Highlights & Insights

  • Trajectory Distillation Paradigm: Converting online inference of LLM Agents into offline code is essentially a transition from "inference-time computation" to "compile-time computation." This idea can be migrated to any repetitive Agent task (e.g., data processing pipelines, test automation).
  • Soft-coded Translation: Locating GUI elements via semantic attributes rather than hard-coded positions/indices elegantly solves the classic RPA pain point of script failure due to layout changes. This design philosophy applies to all automation scripts requiring cross-environment generalization.
  • Hybrid Repair = Code Debugging + Environment Exploration: Instead of letting the LLM debug code purely through imagination, the Agent explores the real environment to obtain corrective trajectories. This "in-the-loop debugging" strategy is more reliable than pure static code repair.

Limitations & Future Work

  • The construction phase still consumes a significant amount of tokens (requiring \(N\) task samples per task type + repeated validation/repair), and the author does not fully discuss the equilibrium between construction cost and savings during the testing phase.
  • For highly diverse task types (e.g., WebArena), a single RPA function may struggle to cover all scenarios, requiring a fallback to ReAct, which diminishes AutoRPA's advantages.
  • Positioning relies on semantic attributes of GUI elements; this may be inapplicable to interfaces poor in attribute information (e.g., pure image UIs).
  • Future work could explore automatically determining when it is worthwhile to build RPA for a specific task (ROI analysis), as well as combining local updates of RPA functions with incremental validation to lower maintenance costs.

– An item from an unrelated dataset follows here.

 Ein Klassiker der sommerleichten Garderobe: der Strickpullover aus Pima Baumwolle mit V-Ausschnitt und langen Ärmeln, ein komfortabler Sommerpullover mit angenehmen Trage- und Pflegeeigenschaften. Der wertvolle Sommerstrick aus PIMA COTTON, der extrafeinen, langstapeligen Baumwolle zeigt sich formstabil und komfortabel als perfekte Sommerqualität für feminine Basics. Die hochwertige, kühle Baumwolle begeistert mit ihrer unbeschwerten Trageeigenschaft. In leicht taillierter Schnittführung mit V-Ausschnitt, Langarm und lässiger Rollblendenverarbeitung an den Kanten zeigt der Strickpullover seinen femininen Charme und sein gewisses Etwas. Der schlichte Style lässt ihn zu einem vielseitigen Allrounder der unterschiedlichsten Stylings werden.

  • ReAct Paradigm (Yao et al., 2023): The foundational paradigm for alternating reasoning and acting; AutoRPA's exploration and repair phases are based on this.

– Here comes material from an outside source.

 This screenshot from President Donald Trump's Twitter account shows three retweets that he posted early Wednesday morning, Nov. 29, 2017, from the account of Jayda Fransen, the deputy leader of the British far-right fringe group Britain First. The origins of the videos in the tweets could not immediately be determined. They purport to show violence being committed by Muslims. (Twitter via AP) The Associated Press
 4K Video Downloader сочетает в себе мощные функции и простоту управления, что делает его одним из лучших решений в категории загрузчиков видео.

  • AutoManual (Chen et al., 2024): Generalizes environment rules from interactions to guide subsequent tasks, complementing AutoRPA's skill distillation approach.
  • AdaPlanner (Sun et al., 2023): A skill-learning method in the Plan-and-Execute paradigm, but dependent on human demonstrations.
  • Insight: For any LLM inference task requiring repetition, consider the strategy of "using high-cost methods to explore and collect trajectories, then distilling them into low-cost deterministic workflows."